EP-4250247-B1 - METHOD AND APPARATUS FOR DETERMINING A GAZE DIRECTION OF A USER
Inventors
- Köhler, Thomas
- ZAREI, Shahrooz
- DEITSCH, Sergiu
Dates
- Publication Date
- 20260513
- Application Date
- 20230223
Claims (14)
- A computer-implemented method for determining a gaze direction of a user (5), the method comprising: capturing (110) an image of a face of the user (5); providing (130) image data of the captured image to a neural network (220), wherein the neural network (220) is configured to detect an ellipse (20) representing an outer border of an iris (17) of the user's eye (15) and to output a first vector (31), a second vector (32) and a respective first and second probability (p 1 , p 2 ), wherein the first and second vector (31, 32) respectively correspond to one of two possible normals through a centre (21) of the ellipse (20), and wherein the first probability (p 1 ) represents the probability that the first vector (31) is the gaze direction and the second probability (p 2 ) represents the probability that the second vector (32) is the gaze direction; and determining (140) the gaze direction of the user (5) as the first vector (31), if the first probability (p 1 ) is greater than the second probability (p 2 ), and as the second vector (32), if the second probability (p 2 ) is greater than the first probability (p 1 ).

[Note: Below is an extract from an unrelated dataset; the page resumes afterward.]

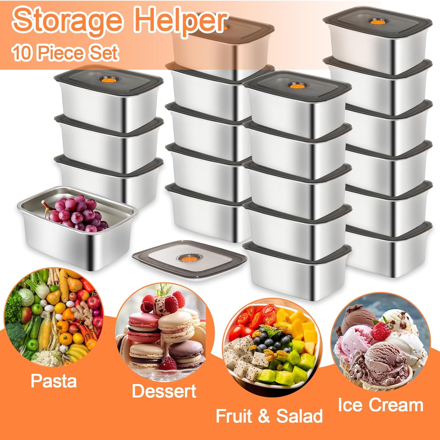 - Value Package: You will receive 10 stainless steel food containers with lids, the quantity is enough to meet your daily use and replacement needs. Perfect for storing or preserving food such as fruits, ice cream, salads, leftovers, sandwiches, bread, etc

- The method according to claim 1, further comprising: determining (120) an eye region (10) in the captured image, wherein providing (130) image data comprises providing (130) image data representing the determined eye region (10) to the neural network (220).
- The method according to claim 1 or 2, wherein the neural network (220) is configured to determine geometric information (223) describing the ellipse (20) including at least one of a position or centre of the ellipse, a rotation (α) of the ellipse and a size of the semi-axes (S a , S b ) of the ellipse (20).
- The method according to claim 3, wherein the neural network (220) comprises a plurality of basic layers (221) trained to output features forming a mathematical representation of the image data, and the neural network (220) further comprises at least one intermediate layer (222) configured to convert the mathematical representation of the image data into numerical values (223) defining the ellipse (20), wherein the numerical values include the at least one of a position or centre, a rotation (α) and a size of the semi-axes (S a , S b ) of the ellipse (20).
- The method according to claim 4, wherein the neural network (220) is formed by supplementing the at least one intermediate layer (222) to a pre-trained neural network or by replacing at least one layer of a pre-trained neural network with the at least one intermediate layer (220).
- The method according to one of claims 1 to 5, wherein each of the first and second vector (31, 32) is a three-dimensional vector having its origin in the centre (21) of the detected ellipse (20) and being perpendicular to a plane defined by the ellipse (20) in a three-dimensional space.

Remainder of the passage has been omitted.